If you are like our family, this March is packed full to the brim of sports, spring break and so much more. I love to have easy dinner options ready for those crazy days! This recipe for Cream Cheese Chicken Pockets always hits the spot for hubby and oldest son Drew!
This recipe is so easy and requires very few ingredients. It is absolutely delicious, and I promise you won’t be able to eat just one!

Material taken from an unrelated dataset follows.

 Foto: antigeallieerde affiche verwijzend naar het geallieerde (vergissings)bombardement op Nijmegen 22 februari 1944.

They are so light fluffy and oh so decadent!
Cream Cheese Chicken Pockets
1 bag Tyson Fully Cooked Grilled Chicken Breast Strips, 12 oz. shredded
1 7oz. tub Arla Cream Cheese removed from package and softened in the microwave
2 8-count packages of crescent rolls
2 cups breadcrumbs
1 stick butter, melted
salt/pepper to taste
¼ tsp. garlic powder
¼ tsp. onion powder
Preheat oven to 350 degrees F.
Place shredded chicken and softened cream cheese in a bowl.

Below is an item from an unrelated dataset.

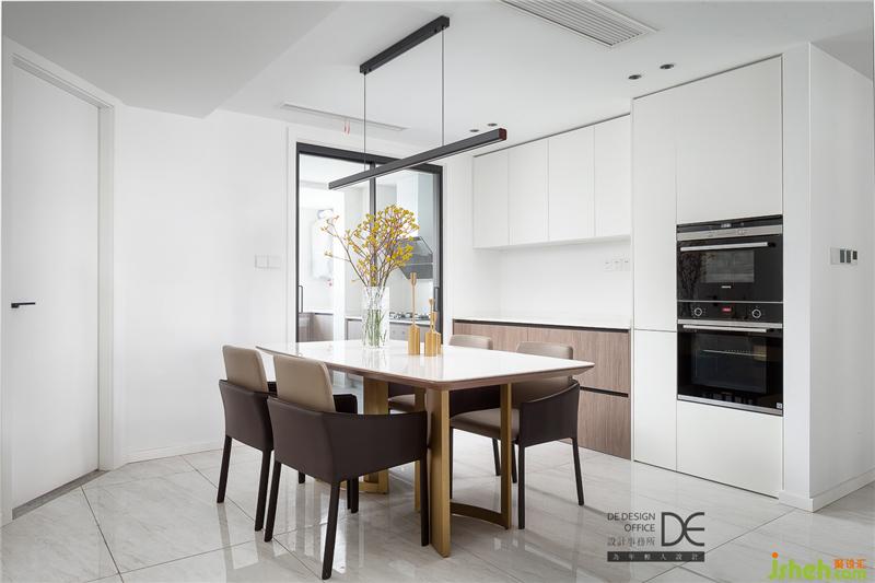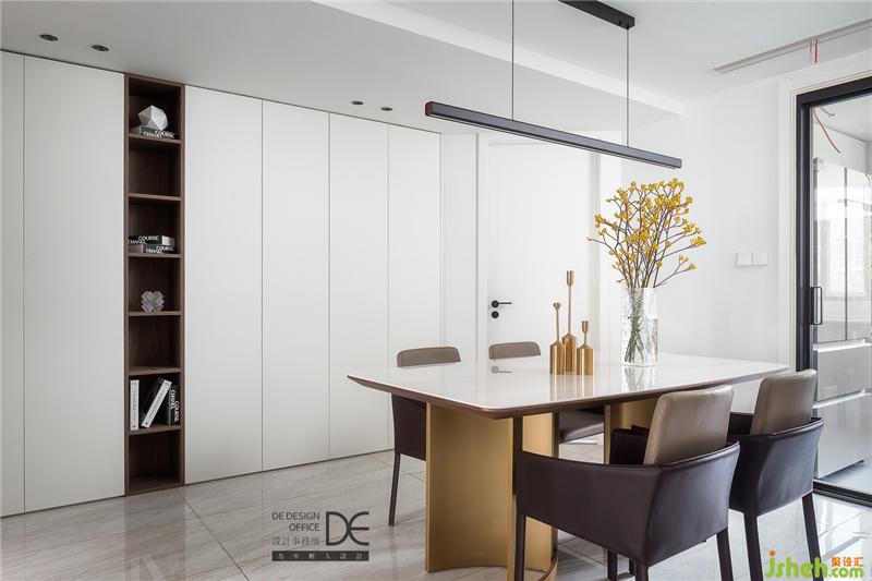 一家人坐在一起才是生活。餐厅配色干净,餐桌跳脱出冷静的黑白灰,重庆室内设计师摆上金黄色花束,有些轻奢意味,仿佛秋日纷繁的落叶,进餐时也能增加食欲。

Add in seasonings and mix until combined.
Unroll the crescent dough. Use 2 squares of dough to form your pocket. Place the chicken mixture inside the dough and fold over to form a “pocket”.
Dip the chicken pockets in the melted butter then into the breadcrumb mixture.
Place the pockets in a baking dish and bake until golden brown.
Serve with your favorite vegetable or salad and enjoy! My guys love this dish and ask for it quite frequently!